Source data:
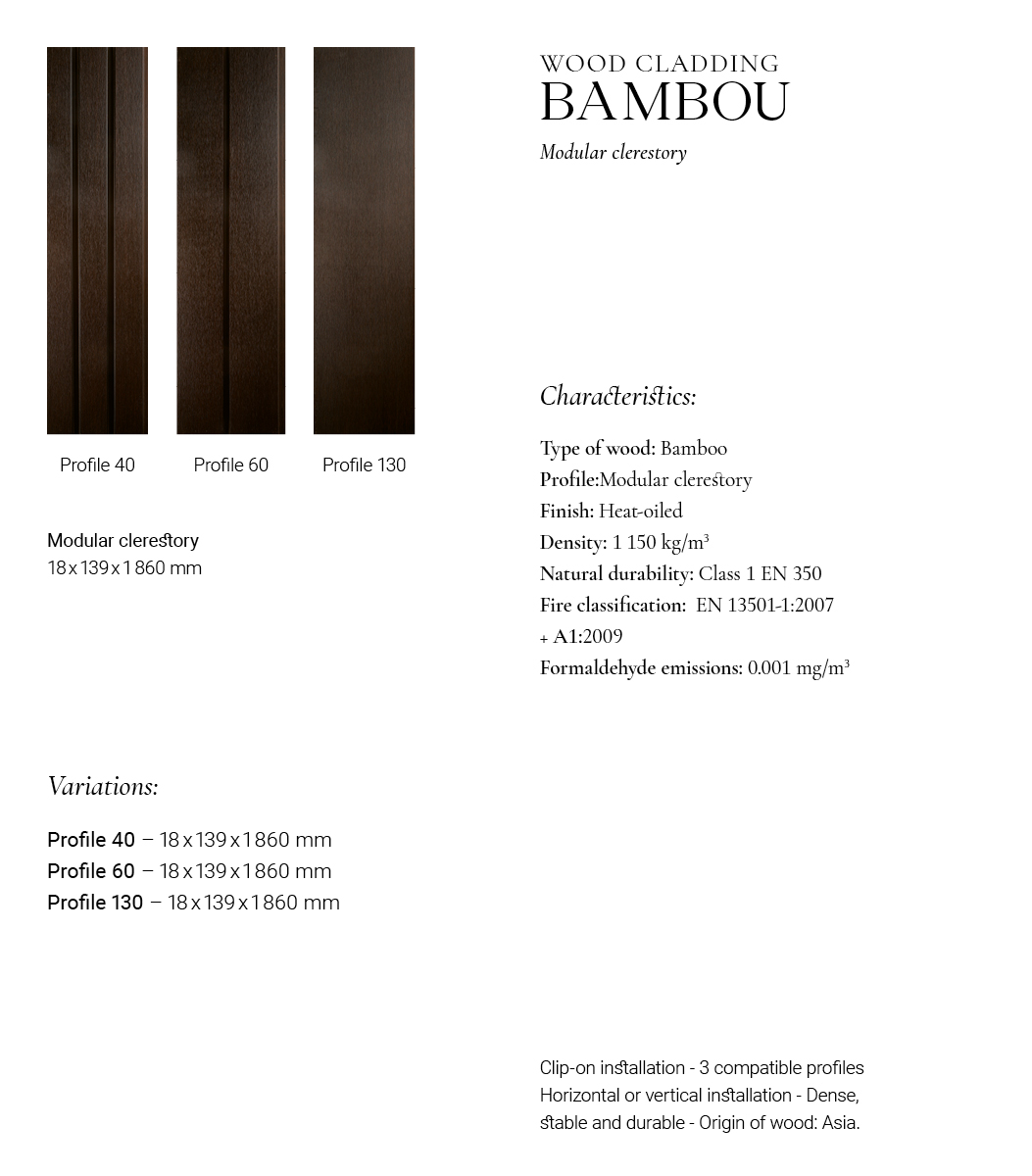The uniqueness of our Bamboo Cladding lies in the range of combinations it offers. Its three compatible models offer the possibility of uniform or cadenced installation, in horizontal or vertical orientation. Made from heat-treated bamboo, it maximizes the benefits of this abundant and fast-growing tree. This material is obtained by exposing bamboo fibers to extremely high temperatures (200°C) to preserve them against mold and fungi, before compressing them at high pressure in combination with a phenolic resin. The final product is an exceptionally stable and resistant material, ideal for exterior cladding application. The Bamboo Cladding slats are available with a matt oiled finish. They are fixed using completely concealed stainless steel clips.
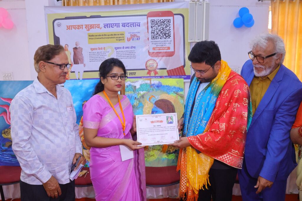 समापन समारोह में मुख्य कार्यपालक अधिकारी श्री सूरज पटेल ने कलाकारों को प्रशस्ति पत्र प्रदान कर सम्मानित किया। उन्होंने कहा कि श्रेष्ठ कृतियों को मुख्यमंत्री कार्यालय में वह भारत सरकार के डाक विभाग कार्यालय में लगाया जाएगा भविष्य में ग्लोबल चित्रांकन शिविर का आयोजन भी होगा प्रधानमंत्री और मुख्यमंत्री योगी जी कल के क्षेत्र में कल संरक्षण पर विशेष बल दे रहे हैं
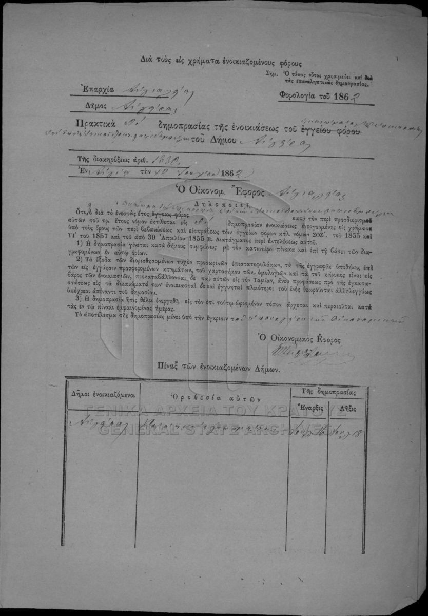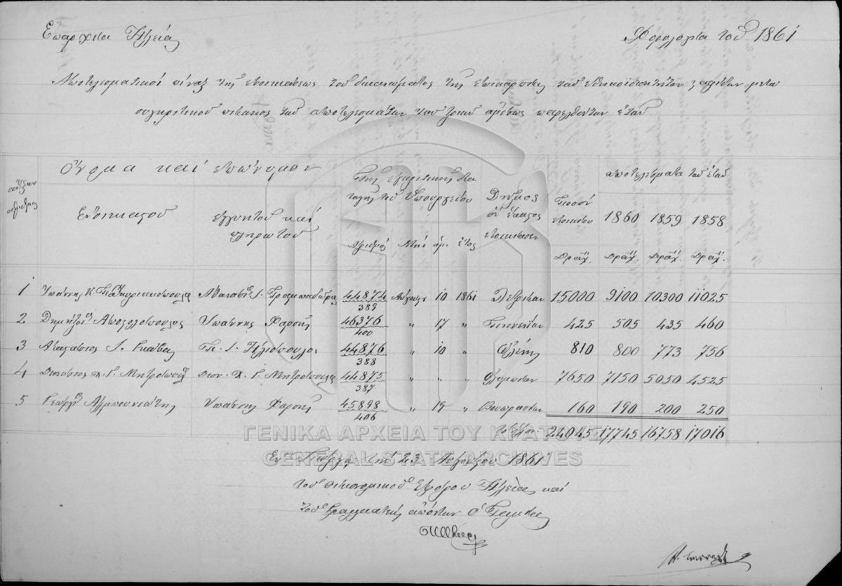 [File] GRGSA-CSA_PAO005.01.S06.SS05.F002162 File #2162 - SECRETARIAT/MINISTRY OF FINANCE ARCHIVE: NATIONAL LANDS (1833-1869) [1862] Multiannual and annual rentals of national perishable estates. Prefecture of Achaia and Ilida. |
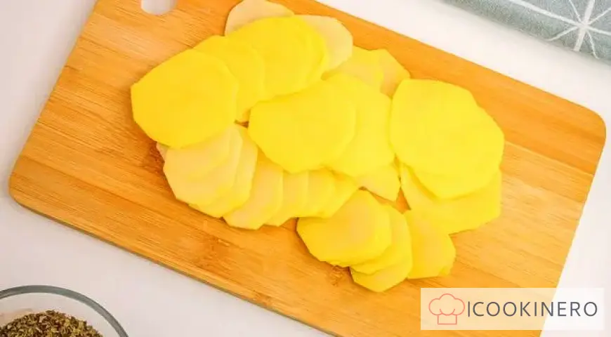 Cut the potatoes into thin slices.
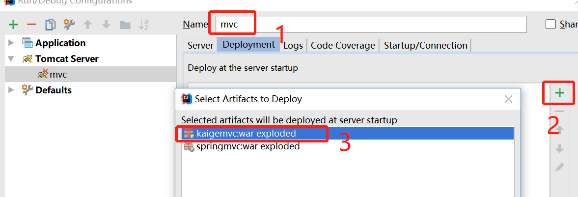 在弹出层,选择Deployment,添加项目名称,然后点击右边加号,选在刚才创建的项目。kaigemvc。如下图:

==

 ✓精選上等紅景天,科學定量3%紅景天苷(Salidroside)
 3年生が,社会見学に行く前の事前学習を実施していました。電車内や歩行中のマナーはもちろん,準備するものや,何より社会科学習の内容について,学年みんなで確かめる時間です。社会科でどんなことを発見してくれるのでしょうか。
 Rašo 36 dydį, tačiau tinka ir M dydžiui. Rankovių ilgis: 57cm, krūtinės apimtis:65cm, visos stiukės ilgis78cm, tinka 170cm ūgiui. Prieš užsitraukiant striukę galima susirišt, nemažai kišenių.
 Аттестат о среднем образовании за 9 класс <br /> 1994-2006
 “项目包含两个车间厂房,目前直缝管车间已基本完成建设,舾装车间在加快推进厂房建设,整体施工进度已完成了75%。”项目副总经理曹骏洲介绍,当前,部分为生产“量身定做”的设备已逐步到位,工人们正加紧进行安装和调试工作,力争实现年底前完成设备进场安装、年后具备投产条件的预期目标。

## What the task requires
Extract the part of the records that opens with the line containing "[File] GRGSA-CSA_PAO005.01.S06.SS05.F002162 File" and closes with the line containing "Cut the potatoes into thin slices.". Take only those lines, exactly, and no pictures.

## Output for this task
 [File] GRGSA-CSA_PAO005.01.S06.SS05.F002162 File #2162 - SECRETARIAT/MINISTRY OF FINANCE ARCHIVE: NATIONAL LANDS (1833-1869) [1862] Multiannual and annual rentals of national perishable estates. Prefecture of Achaia and Ilida. |
 Cut the potatoes into thin slices.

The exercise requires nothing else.